Each entry that follows is to be retyped exactly. Pictures do not belong in the copy.

[Records contained in a dataset]
———
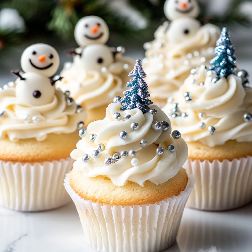 Imagine biting into a light, fluffy cupcake as soft as freshly fallen snow, revealing a moist and flavorful cake layered with the perfect hint of seasonal spices. The frosting—rich, creamy, and elegantly swirled—brings a touch of indulgence, resembling the soft drifts of snow covering the ground in a winter landscape. To top it all off, these charming cupcakes are adorned with magical decorations that evoke thoughts of winter wonderlands, making them both a treat for the taste buds and a feast for the eyes.
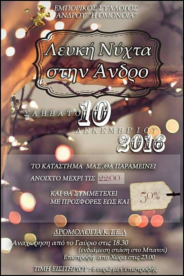 Χτες το απόβραδο ευγενική καταστηματάρχης της Χώρας έστειλε την αφίσα του Εμπορικού Συλλόγου Άνδρου όπου αναγγέλλεται η «Λευκή Νύχτα» για τις 10 Δεκεμβρίου ημέρα Σάββατο. Καμία άλλη ειδοποίηση ή κάποιο πρόγραμμα για την συγκεκριμένη βραδιά. Στην αφίσα αναγράφεται πως τα καταστήματα (όλα ή κάποια δεν διευκρινίζεται) θα παραμείνουν ανοικτά μέχρι τις 22:00 και ότι… Continue reading Λευκή «σιωπηλή» νύχτα στις 10/12 στη Χώρα – Μεγάλη προετοιμασία στο Κόρθι
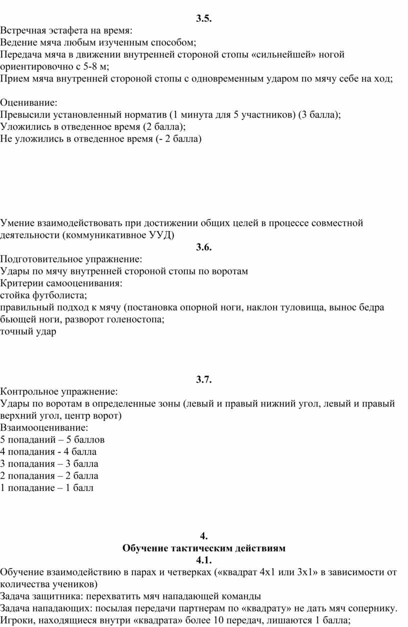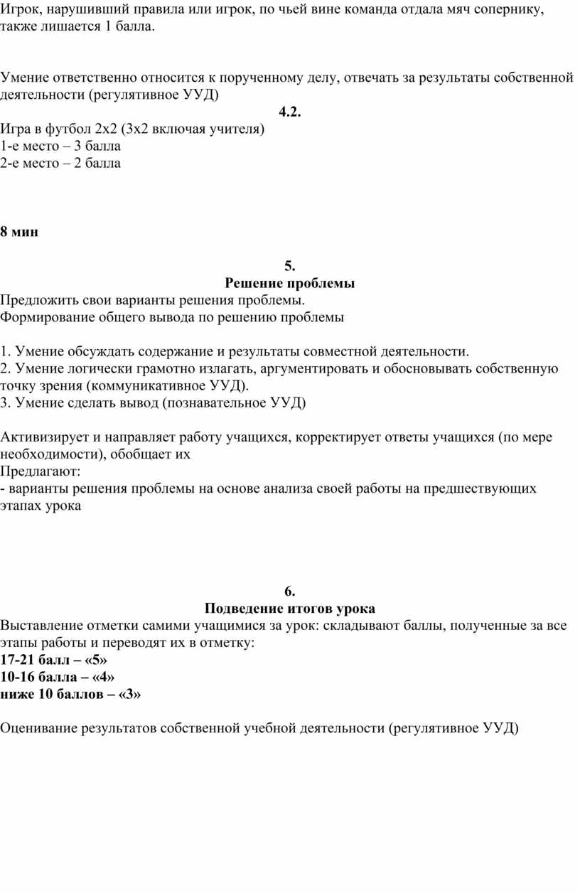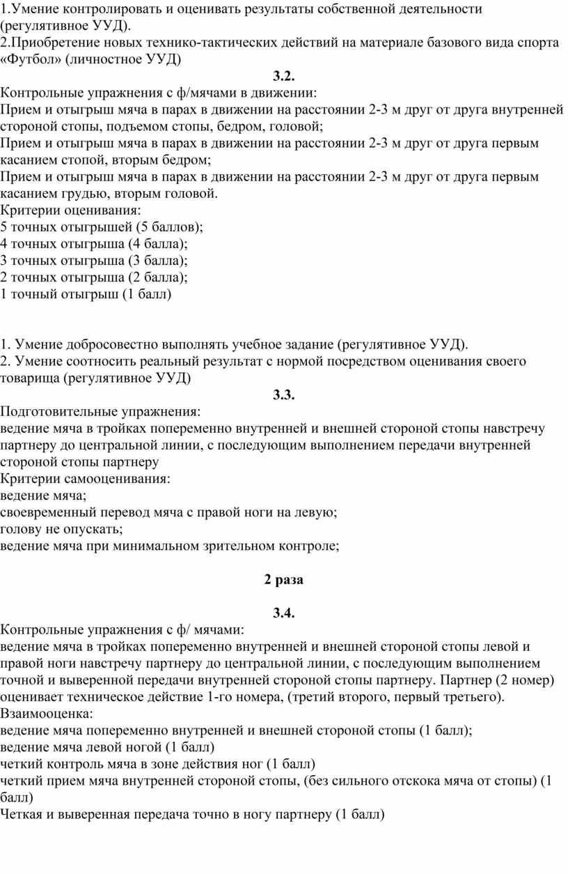 2.Приобретение новых технико-тактических действий на материале базового вида спорта «Футбол» (личностное УУД)
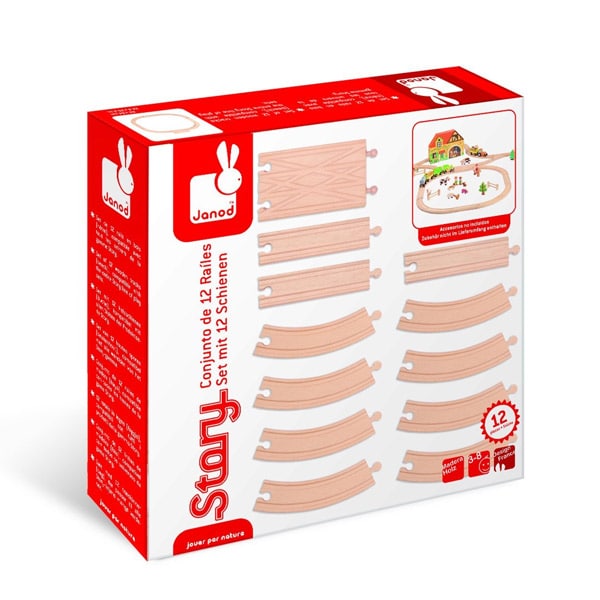Cutie cu jucarii de lemn – Story Railway, 12 piese | Janod
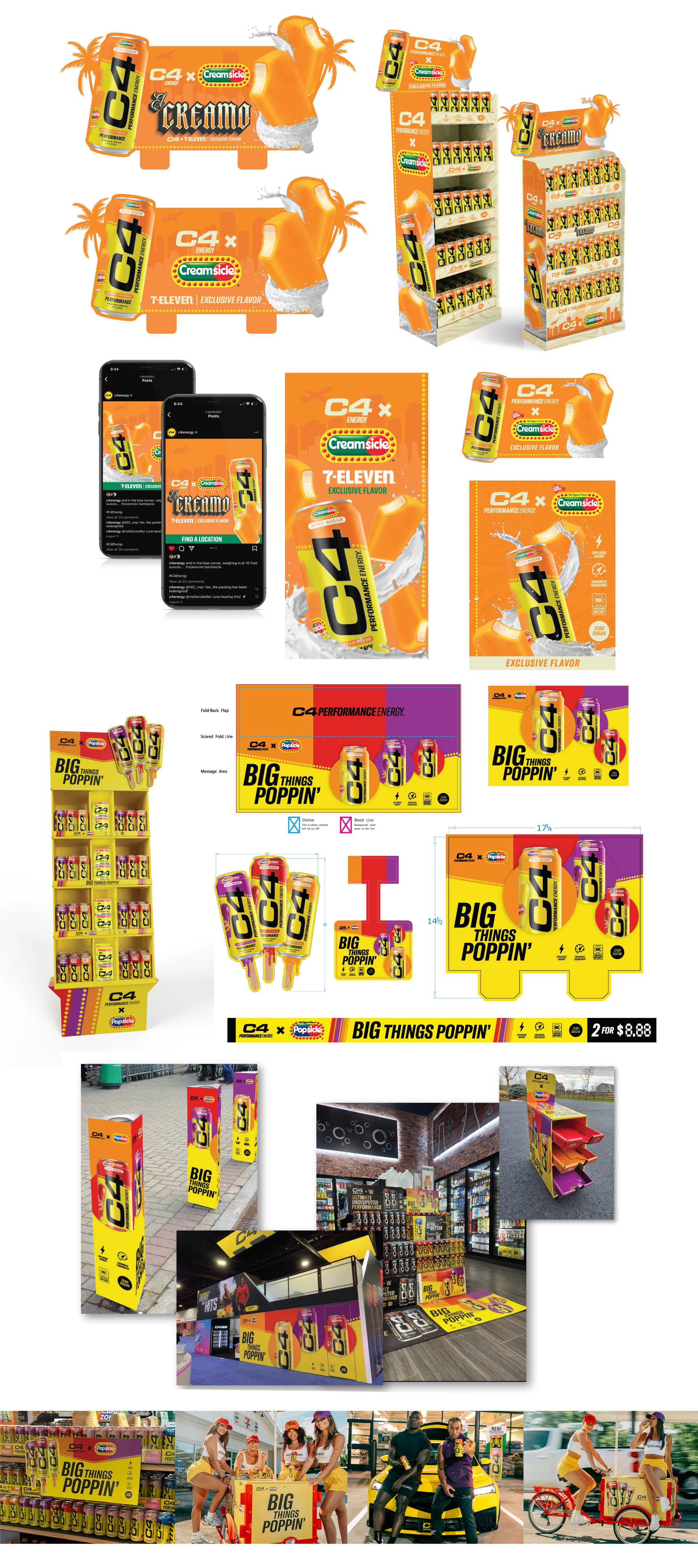 Rooted in C4 Energy’s bold brand standards, every large-scale campaign is crafted with precision, ensuring consistency while pushing creative boundaries. By staying true to the brand’s high-energy identity—through electrifying visuals, high-impact messaging, and strategic design execution—each campaign fuels engagement across digital, print, retail, and experiential activations.
———
• Reply to the task:
 Imagine biting into a light, fluffy cupcake as soft as freshly fallen snow, revealing a moist and flavorful cake layered with the perfect hint of seasonal spices. The frosting—rich, creamy, and elegantly swirled—brings a touch of indulgence, resembling the soft drifts of snow covering the ground in a winter landscape. To top it all off, these charming cupcakes are adorned with magical decorations that evoke thoughts of winter wonderlands, making them both a treat for the taste buds and a feast for the eyes.
 Χτες το απόβραδο ευγενική καταστηματάρχης της Χώρας έστειλε την αφίσα του Εμπορικού Συλλόγου Άνδρου όπου αναγγέλλεται η «Λευκή Νύχτα» για τις 10 Δεκεμβρίου ημέρα Σάββατο. Καμία άλλη ειδοποίηση ή κάποιο πρόγραμμα για την συγκεκριμένη βραδιά. Στην αφίσα αναγράφεται πως τα καταστήματα (όλα ή κάποια δεν διευκρινίζεται) θα παραμείνουν ανοικτά μέχρι τις 22:00 και ότι… Continue reading Λευκή «σιωπηλή» νύχτα στις 10/12 στη Χώρα – Μεγάλη προετοιμασία στο Κόρθι
 2.Приобретение новых технико-тактических действий на материале базового вида спорта «Футбол» (личностное УУД)
Cutie cu jucarii de lemn – Story Railway, 12 piese | Janod
 Rooted in C4 Energy’s bold brand standards, every large-scale campaign is crafted with precision, ensuring consistency while pushing creative boundaries. By staying true to the brand’s high-energy identity—through electrifying visuals, high-impact messaging, and strategic design execution—each campaign fuels engagement across digital, print, retail, and experiential activations.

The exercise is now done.